House Cleaning and Reminiscing: Part 3, by Anna

By January 20, 2021 NVLD Bloggers

I read through my vocational assessment next. It expressed something that I have long known and still deal with whenever a job or manager change needs to occur in my life: “It is highly unlikely that any job would be completely free of difficulties due to the functional severity of some of her nonverbal weaknesses.” Ouch. But also… yes. That fact, hands down, has been the most significant stressor of my life. I have had some challenges getting into a steady career path for the long term partly due to my lack of awareness of my NVLD until I was 5 years into the professional work world, and partly because I knew from the beginning I only wanted to work in mental health for a short period of time. My vocational assessment leaned towards disability disclosure. This is a very sensitive issue in the hidden disability community and in the employment support field. I have consistently wanted to disclose my disability, but I have been afraid to many times.

And there is a good reason. I have heard managers express discomfort in hiring someone who mentioned their learning disability in an interview, even when the disclosure was professionally expressed as a positive. The feedback I have gotten as a professional in hidden disability employment support has been a weariness of disclosure.

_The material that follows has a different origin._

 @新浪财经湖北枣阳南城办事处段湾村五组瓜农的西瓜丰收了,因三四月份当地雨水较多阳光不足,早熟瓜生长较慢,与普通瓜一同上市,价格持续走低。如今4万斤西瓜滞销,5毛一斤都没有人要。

There is usually encouragement to wait to see how the job goes before saying anything, but I have found that to be a very stressful path.

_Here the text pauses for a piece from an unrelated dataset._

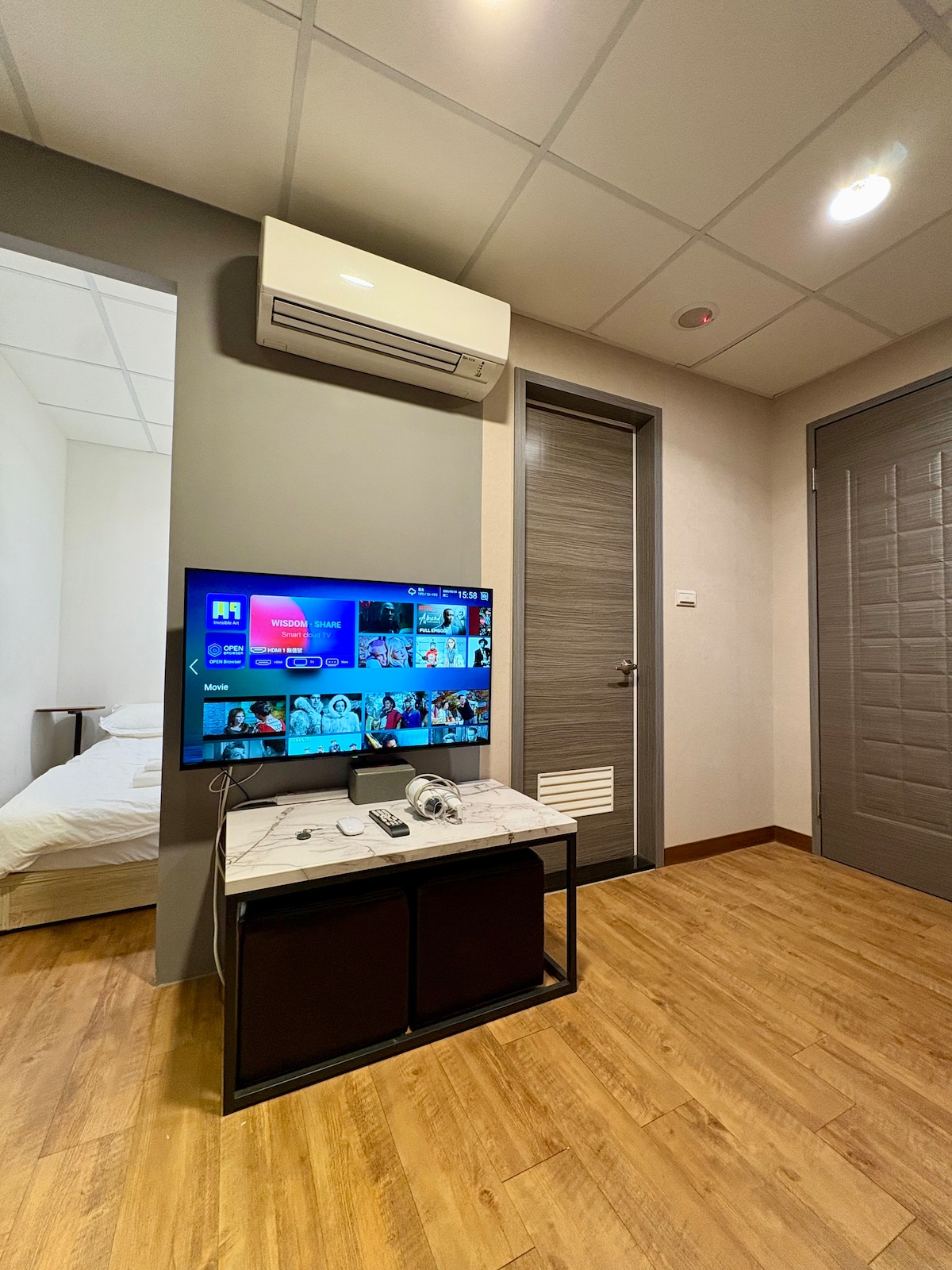 Mga highlight ng tuluyan 🛏 Dalawang pribadong kuwarto, perpekto para sa mga kaibigan o pamilya. 🎧 Natatanging sala, Bluetooth sound system, at mood lighting. ☕ May counter sa minibar kung saan puwede kang maghanda ng tsaa o kape. 🏮 Malapit lang ang Raohe Night Market kaya hindi ka magugutom sa gabi. 🚇 1 min na lakad papunta sa Songshan Station, maginhawang transportasyon. 🚉 3 minutong lakad papunta sa istasyon ng tren, maginhawang transportasyon. 🚌 1 minutong lakad papunta sa hintuan ng bus, madaling gamitin na transportasyon. Hindi ito hotel, at hindi rin ito pangkaraniwang homestay.Isa itong lihim na sulok para makapagpahinga ang mga biyahero sa kanilang mga kaluluwa. Sa paglalakad sa labas ng pinto, naroon ang masiglang Raohe Night Market, inihaw na sausage, pepper cake, bubble tea, at pagtawa ng mga biyahero.Itulak ang buksan ang pinto, at isa pa itong mundo - mga klasikong marmol na sahig, madilim na ilaw, tamad at may saloobin na parang bar. Idinisenyo namin ang aming tuluyan bilang lugar para sa pag - uusap.Dalawang komportableng silid - tulugan, sala kung saan puwede kang magrelaks at makipag - chat, at bar table kung saan puwede kang mag - enjoy sa Netflix at uminom.Hindi ito malaki, pero sapat na para sa iyo na i - unpack ang iyong mga bagahe at ikalat ang iyong kuwento. Angkop para sa: 💝 Nagbabakasyon sa Taipei ang mga magkasintahan sa katapusan ng linggo 💝 Biyahe sa Taipei kasama ang mga Kaibigan 💝 Mga taong gustong maglakad‑lakad sa pamilihang bukas sa gabi at mag‑explore sa Taipei ⸻ 🔔 Mga maalalahaning paalala Walang elevator sa gusali, kailangan mong umakyat sa hagdan; nasa ikalawang palapag ito, isang mababang palapag, madaling umakyat at bumaba ang karamihan ng mga bisita.

“Her strongest areas are her verbal communication skills, her ability to absorb verbal information, an ease with speaking in public, and an intelligent, creative, and inquisitive mind. She also has strengths and credentials, in writing, although her spelling and grammar are not up to the level of her creative writing and composition/style.”

Every time I revisit these documents I have a few more years of growth and life experiences and I take a bit more out of them and each time I find myself in a deeper level of self acceptance. Life with a significant split between verbal and nonverbal abilities possesses a lot of challenges in building a life filled with creativity and resiliency. It can be scary to be open about my significant weaknesses. I worry people will think I am less intelligent than they once did, less normal, less like them. Yet I think these concerns will become less common the more people there are out there who own their diagnoses. People who are in a place where they can say I’m here, I am intelligent, I am capable, and I struggle. It is ok to not be in that place now, or ever. It is a very personal choice to be open. I know I will be judged for it in a way I never would if I kept it to myself. I still feel if being open is right for you, it can benefit many other people who may not be able to be a face of NVLD (or any other diagnosis). I want to be proud of everything that I am. So I choose to be as proud of my “superior verbal IQ” as I am proud of my “severely impaired fine motor skills” because all of it has created the person today who I am proud to be.

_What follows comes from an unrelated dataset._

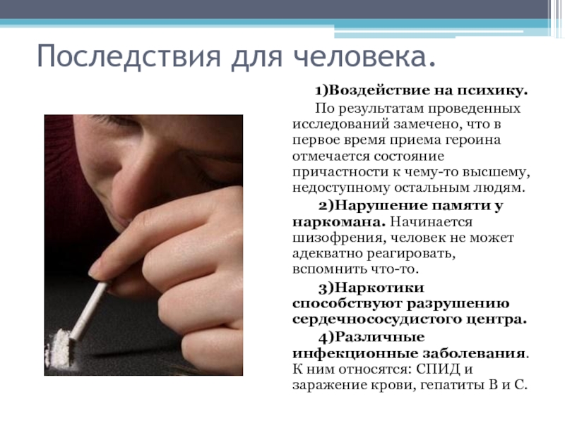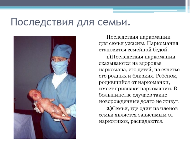 1)Последствия наркомании сказываются на здоровье наркомана, его детей, на счастье его родных и близких. Ребёнок, родившийся от наркоманки, имеет признаки наркомании. В большинстве случаев такие новорожденные долго не живут.

I’m going to leave you with one last document I discovered while neatening up the house. During that time period, back in 2010, one of the employment support professionals I was working with interviewed a few of my former managers to put together some brief job reference write ups for me. Here is what they had to say:

“Anna covered events, meetings, and feature stories, and she was good. She was motivated, well organized, brought in new ideas for stories, and her writing was very well done. She was a really good employee. We were constantly getting letters and thanks from people she wrote about.”

“Anna was enthusiastic, dependable, reliable, and mature beyond her years. She was assigned to a project that was boring and tedious. Yet she finished on time, gave it her full attention and never lost focus. She always gave it her very best, and for a young person (on a tough job) she was very impressive. Would I hire her back? Absolutely!”

“Anna was filling in for us while an employee was out on a long leave, and she did a very good job. She was dependable and focused. She has a great personality, was very easy to get along with, acclimated easily and completed all tasks with no problems. Had she not moved back [to her home state] we would have tried to make a place for her here.”

“Anna was insightful, connected well with people and took direction well. She worked very hard and her stories were good.”

Anna

Anna has dreamed about making the world a better place for people who think differently her whole life. She has worked as a newspaper reporter and in supported employment within community mental health to achieve these goals. When not writing her blog, This NVLD Life, she enjoys going on adventures with her husband and their cat, Mia. Anna is a Project Social Ambassador for The NVLD Project.